A budget is not judged by how skillfully it is written.
It is judged by what reaches the ground.
The centerpiece of this plan is the dramatic expansion of the Public Sector Investment Plan from about US$110 million last year to more than US$281 million now, financed in part by the one-time concession bonus from ArcelorMittal.
This is a gamble -- a calculated one.
If managed properly, Liberia could finally see visible progress: paved roads where there are now impassable tracks; functioning electricity networks where darkness has long dictated the rhythm of daily life; repairs to broken school systems and health centers that have been surviving more on hope than support.
But this shift also concentrates money in precisely the space where corruption has historically thrived: public procurement.
The test is not technical.
It is political.
Do agencies follow procurement law?
Does the Executive resist political interference in contract awards?
Do legislators refrain from bending the investment plan to personal or regional patronage?
Does the Ministry of Finance publish project implementation data in real time, as promised?
These questions will determine national credibility.
The administration's plan to increase the Goods and Services Tax from 12 to 13 percent and impose a presumptive tax on major concession holders is rational, but modest.
The real test is enforcement.
Liberia does not fail at taxation because laws are weak.
Liberia fails because the powerful are often exempt from the rules.
If well-connected businesses continue to evade taxes;
If customs continues to bleed revenue through informal channels;
If state-owned enterprises continue to withhold internally generated funds;
then the promises in this budget will dissolve as they have in the past.
Raising taxes means little if the politically privileged are not required to pay.
At US$230 million, projected debt service for 2026 is the other hard truth embedded in this proposal. It is rising sharply, more than 50 percent over last year.

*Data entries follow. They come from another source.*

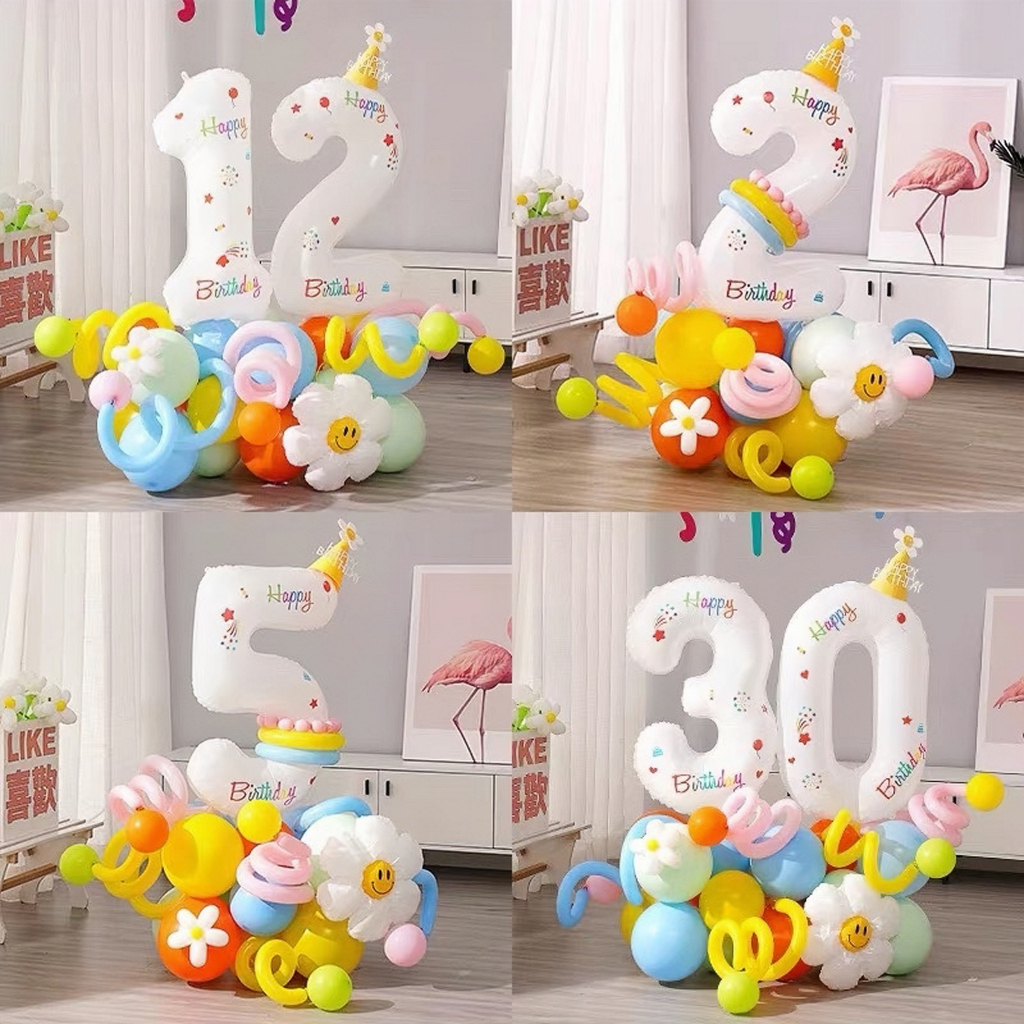 36PCS Daisy Number Set 32inch White Numbers 0 to 9 Foil Balloons Birthday Party Theme DIY Decoration
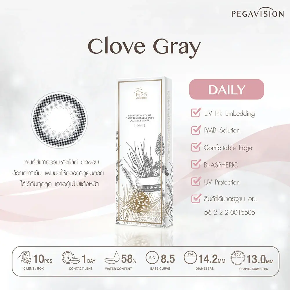 Pegavision Contact Lens Kaori Daily Clove Gray [5 Pairs] #-6.00 5 pairs of daily contact lenses, natural gray gradient lenses, dark gray edges, adding dimension to the eyes, making them look beautiful and sharp, suitable for all looks, even without makeup.
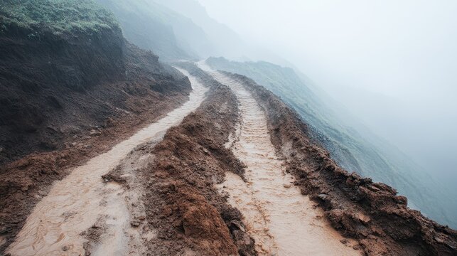 Winding dirt paths cut through misty mountains, revealing the raw beauty and rugged terrain that invites exploration and contemplation in nature's embrace.
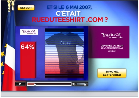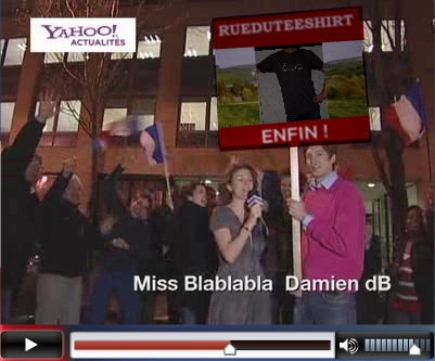J'ai découvert ce matin que Yahoo avait pris l'heureuse initiative de rendre accessible à tous le monde le fantasme d'être présidentiable... rueduteeshirt.com président comme le prouve les photos ci-dessous tirées de la vidéo présentée par le célèbre journaliste Bruno Masure, il se recycle comme il peut le pauvre...

This puts a ceiling on ambition.
It narrows the government's margin of error.
Any revenue shortfall could force painful mid-year cuts.

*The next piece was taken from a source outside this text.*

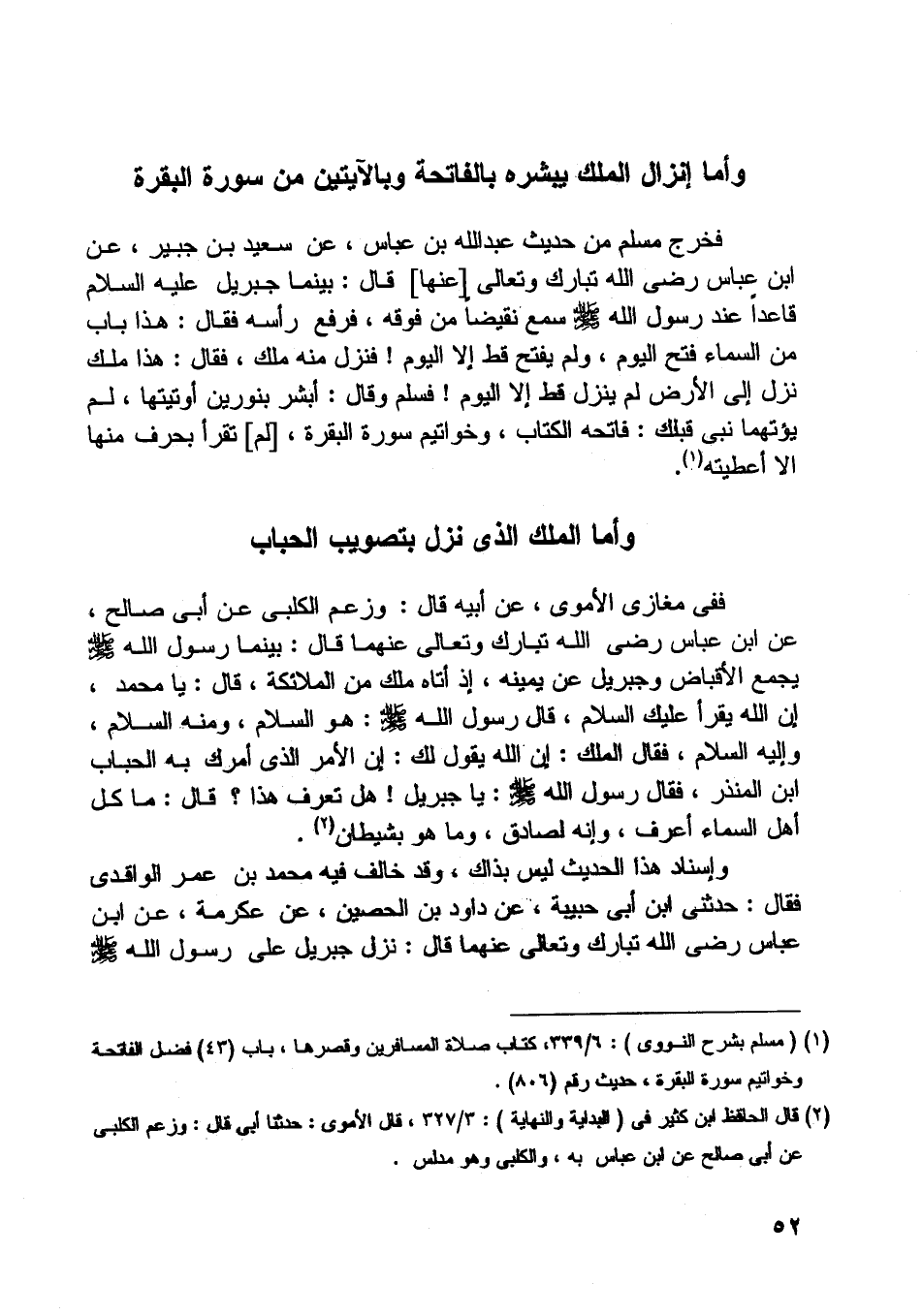 فخرج مسلم من حديث عبد اللَّه بن عباس، عن سعيد بن جبير، عن ابن عباس رضى اللَّه تبارك وتعالى [عنها] قال: بينما جبريل عليه السّلام قاعدا عند رسول اللَّه صلّى اللَّه عليه وسلّم سمع نقيضا من فوقه، فرفع رأسه فقال: هذا باب من السماء فتح اليوم، ولم يفتح قط إلا اليوم! فنزل منه ملك، فقال: هذا ملك نزل إلى الأرض لم ينزل قط إلا اليوم! فسلم وقال: أبشر بنورين أوتيتها، لم يؤتهما نبي قبلك: فاتحة الكتاب، وخواتيم سورة البقرة، [لم] تقرأ بحرف منها الا أعطيته [ (1) ] .

If the execution of major projects fails or stalls, the country risks being left with more debt and very little to show for it.

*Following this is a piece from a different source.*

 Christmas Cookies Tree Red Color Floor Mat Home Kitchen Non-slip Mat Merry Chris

This budget is not transformative simply because it is large. It becomes transformative only if:
- Procurement processes are transparent and insulated from political bargaining.
- Oversight institutions -- particularly the GAC, IAA and civil society monitors -- are empowered and respected.
- Project timelines, costs and contractors are published and continuously updated.
- Communities benefit from the work -- not just contractors and officials.
If these conditions fail, the budget becomes another story of potential wasted.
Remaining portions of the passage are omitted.